The issue here is that what we are asked to support on ARM64 ACPI is a
moving target and the target carries PCI with it.

This potentially means that all drivers in:

drivers/pci/controller

may require an MCFG quirk and to implement it we may have to:

- Define new ACPI bindings (that may need AML and that's already a
showstopper for some OSes)
- Require to manage clocks in the kernel (see link-up checks)
- Handle PCI config space faults in the kernel

Do we really want to do that ? I don't think so. Therefore we need
to have a policy to define what constitutes a "reasonable" quirk and
that's not objective I am afraid, however we slice it (there is no
such a thing as eg 90% ECAM).
Without a doubt, I would much prefer to see these quirks and workarounds
in Linux than hidden behind a firmware interface. Every single time.

In that case, can you please comment on/apply Tegra194 ECAM quirk that was rejected

a year ago, and was the reason we worked with Samer/ARM to define this common

mechanism?

https://lkml.org/lkml/2020/1/3/395

The T194 ECAM is from widely used Root Port IP from a IP vendor. That is one reason so many

*existing* SOCs have ECAM quirks. ARM is only now working with the Root port IP vendors

to test ECAM, MSI etc, but the reality is there were deficiencies in industry IP that is widely

used. If this common quirk is not the way to go, then please apply the T194 specific quirk which was

NAK'd a year ago, or suggest how to improve that quirk.

The ECAM issue has been fixed on future Tegra chips and is validated preSilicon with BSA

tests, so it is not going to be a recurrent issue for us.

(aside: please fix your mail client not to add all these blank lines)

Personally, if a hundred lines of self-contained quirk code is all
that is needed to get your legacy IP running, then I would say we
should merge it. But I don't maintain the PCI subsystem, and I trust
Bjorn and Lorenzo's judgement as to what is the right thing to do when
it concerns that code. After all, they're the ones who end up having
to look after this stuff long after the hardware companies have
stopped caring.

A discussion was held between me, Will Deacon, Bjorn Helgaas and Jon
Masters to agree on a proposed solution for this matter, a summary of the
outcome below:

- The PCI SMC conduit and related specifications are seen as firmware
kludge to a long-standing HW compliance issue.
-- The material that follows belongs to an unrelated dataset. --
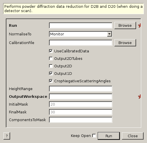 | Output2D | Input | boolean | False | Output a 2D workspace of height along tube against the real scattering angle. |
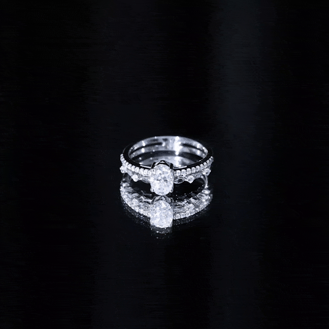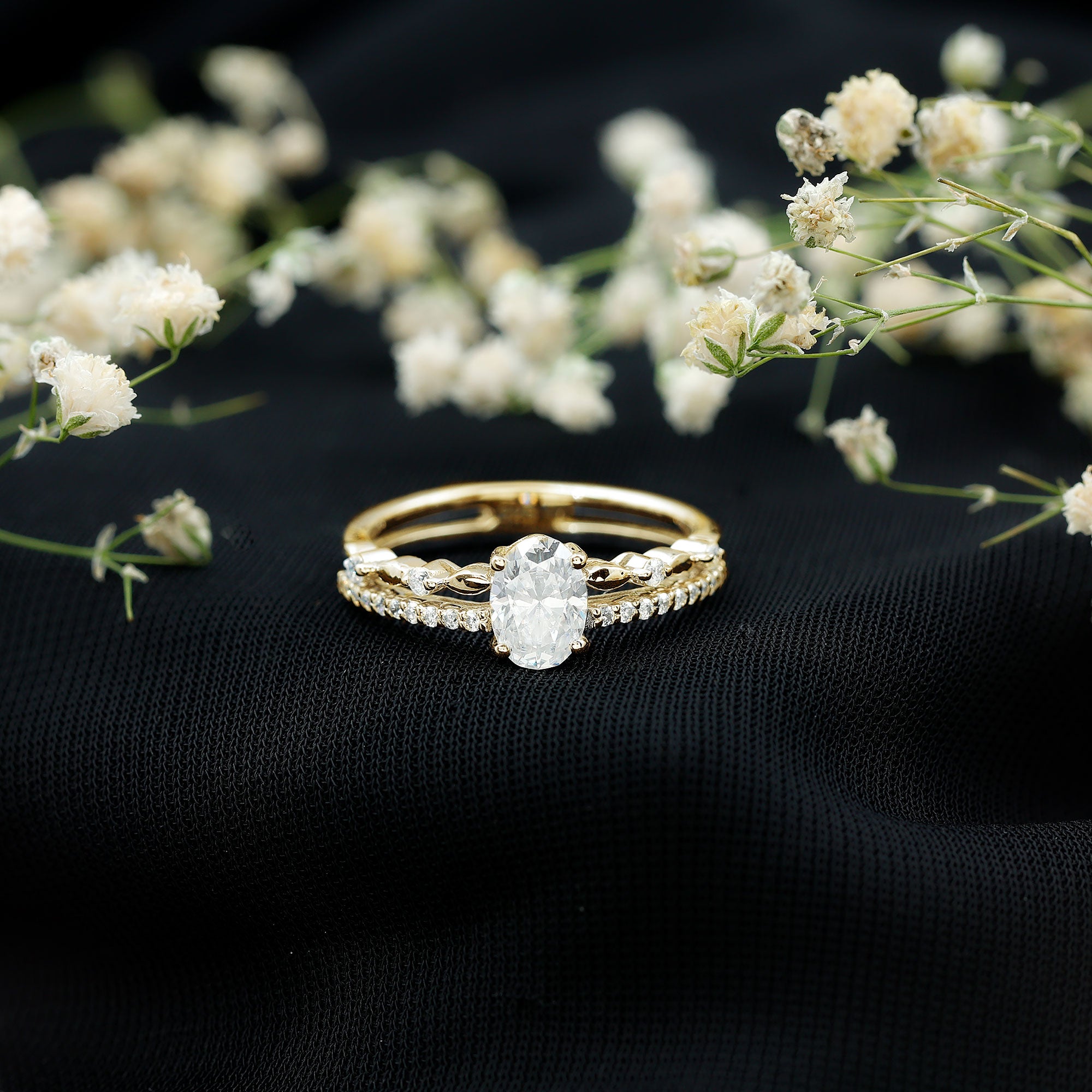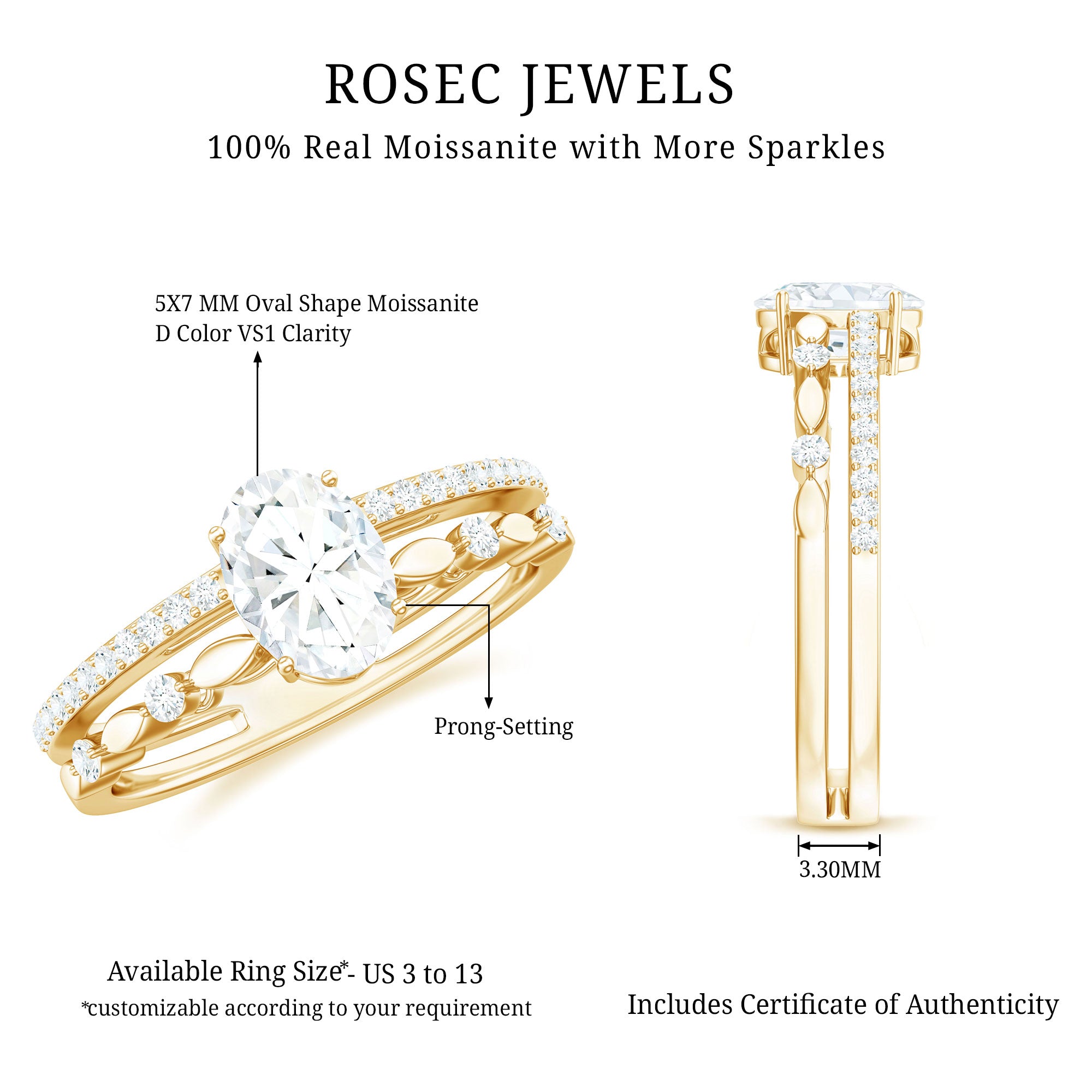 Win her heart with the stunning details of this Solitaire Engagement Ring, featuring a 5X7 MM Oval Cut Moissanite (D-VS1 quality) securely set in prongs. The unique double band shank brings an artistic touch, with one band embellished with a row of surface prong set round cut moissanites for a constant sparkle, while the other displays delicate marquise metal motifs and gemstones set alternately for a contemporary vibe. Together, these elements in this Moissanite Engagement Ring create the look of a stackable ring while ensuring the comfort of a single band. Designed to symbolize everlasting love, this Oval Moissanite Ring is perfect for the bride who values elegance, uniqueness, and timeless beauty. It comes beautifully packaged in a premium jewelry box, ready to be gifted and cherished for a lifetime. Made with precision and style, the Double Band Engagement Ring is offered in various metal types and colors, providing a luxurious and sustainable symbol of your connection.

The SMC interface does
not encourage Arm partners to fix their IPs and its only purpose
consists in papering over HW issues that should have been fixed by
now; were the PCI SMC conduit introduced at arm64 ACPI inception as
part of the standardization effort the matter would have been different
but introducing it now brings about more shortcomings than benefits on
balance, especially if MCFG quirks can be controlled and monitored (and
they will).

The end-goal is that hardware must be ECAM compliant. An SMC-based
solution runs counter to that desire by removing the incentive for ECAM
compliance.

In sum, the SMC conduit solution was deemed to be deficient in these
respects:

* Removes incentive to build hardware with compliant ECAM
* Moves quirk code into firmware where it can't sensibly
be maintained or updated
* Future of the SMC conduit is unclear and has no enforceable
phase-out plan

Well there is another aspect that wasn't readily apparent. We now need one of those "linux mode" switches in the firmware that everyone loves to hate. In the case of the uefi/CM4 the only really sane default for that switch is "SMC mode" because out of the box the "claim pci compliance when we aren't" mode crashes linux kernels without the quirk.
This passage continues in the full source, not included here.